The media deliberately misinforms and disseminates disinformation about what racism is and how it operates. This hidden camera ignorance called What Would You Do? (judging by this segment) looks like a great example of that. It takes people who really pay attention to know the difference between racism and what they want you to think racism is.
Because of how internalized racism works, beaten into the Black people in America by whites, I DO NOT think or believe a Black woman who sees a Black man with a white woman in a restaurant and silently wonders, “Why is he with her?” is necessarily racist.
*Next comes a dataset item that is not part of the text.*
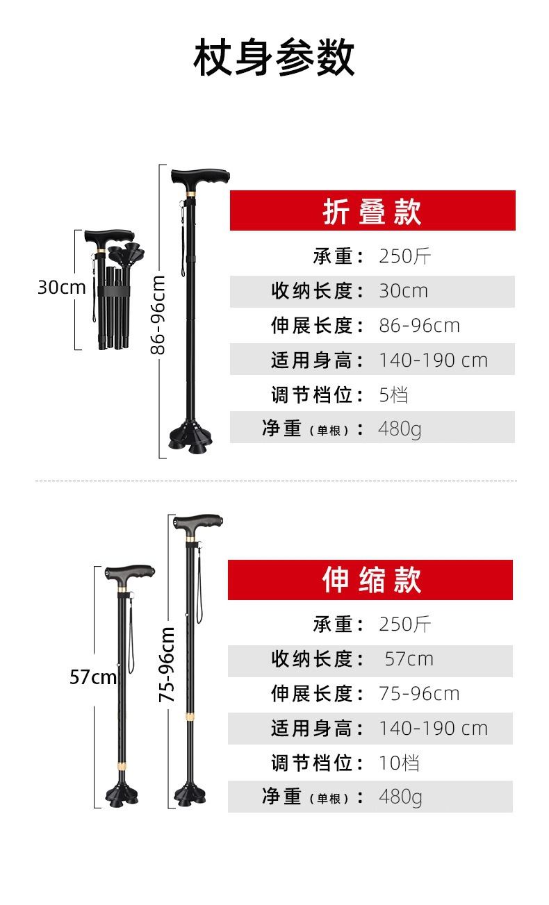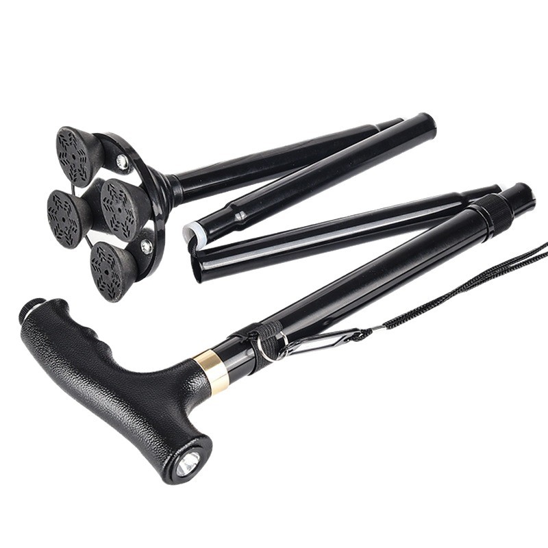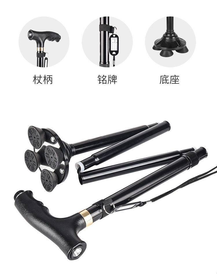 알루미늄 합금 접이식 노인 목발, 미끄럼 방지 4족 목발, 안정적이고 낙하 방지, 노인을 위한 등산 및 하이킹 지팡이

Because sometimes what she’s really asking is, “Is this Black man with this white woman (or INSERT NON-Black race) because she’s NOT Black?” Black men are known to associate white women with beauty, cleanliness, upward mobility, and docility because white people have deliberately taught everyone that Black women are the opposite (barring docility). Black men deliberately go after and engage with women of other races oftentimes because they view Black women as inferior. I believe that Mexican women and other Women of Color have similar experiences.
One man in the episode tries to discuss the issue with the Latina dissenter, saying “I’m American first, Latino second”. So you prioritize nationality (a nation violently and unjustly shaped and continuously and disproportionately influenced by white hate and greed) over your race which made you? And he said it so proudly. The responses from the customers leads into a very familiar and frustrating territory: reverse racism. Which typically only exists in the land of white logic where they faithfully believe they are regular victims of racism instead of the unapologetic perpetrators in general.
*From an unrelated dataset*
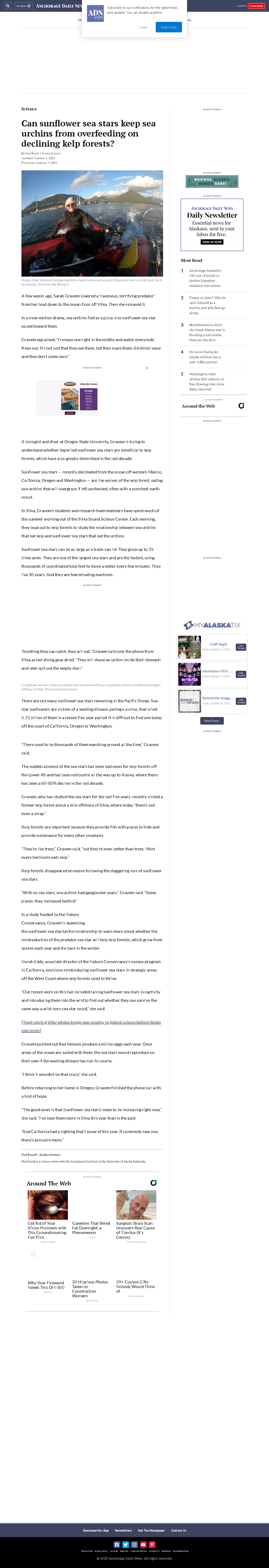 Can sunflower sea stars keep sea urchins from overfeeding on declining kelp forests?

Black Pride and white pride are two different things. While white pride comes from a place of hate and an unfounded sense of superiority, Black Pride comes from a place of love, sorrow, joy, pain, and strength. This demonstrates an inversion: One is inherently racist and the other is not. Even generalizing can be different when white racism is involved. In exactly the same way, it reasons that a Woman of Color wondering why a man of Color is with a white woman is NOT necessarily the same as a white woman saying out loud in a restaurant why a white man is with a Woman of Color.
Interracial relationships are usually complicated, race tends to bring specifically complex dimensions to it. So outside of voicing my observances and experiences on how they can be horribly racist by their very nature, I stay out of the entire affair. I would never say something like what the Latina in the segment said even if I silently wondered how deep the Mexican man and the white woman’s relationship is. Not only because I would likely be attacked by “well-meaning Americans” who think they know what racism is but because I have no idea what the interracial couple’s relationship is like, I don’t know them, and its none of my business until they make it my business, which is hard to do.
My rule of thumb, however, is that interracial relationships are suspect because people are typically dumb, shallow, racist, and impulsive. They are socialized that way.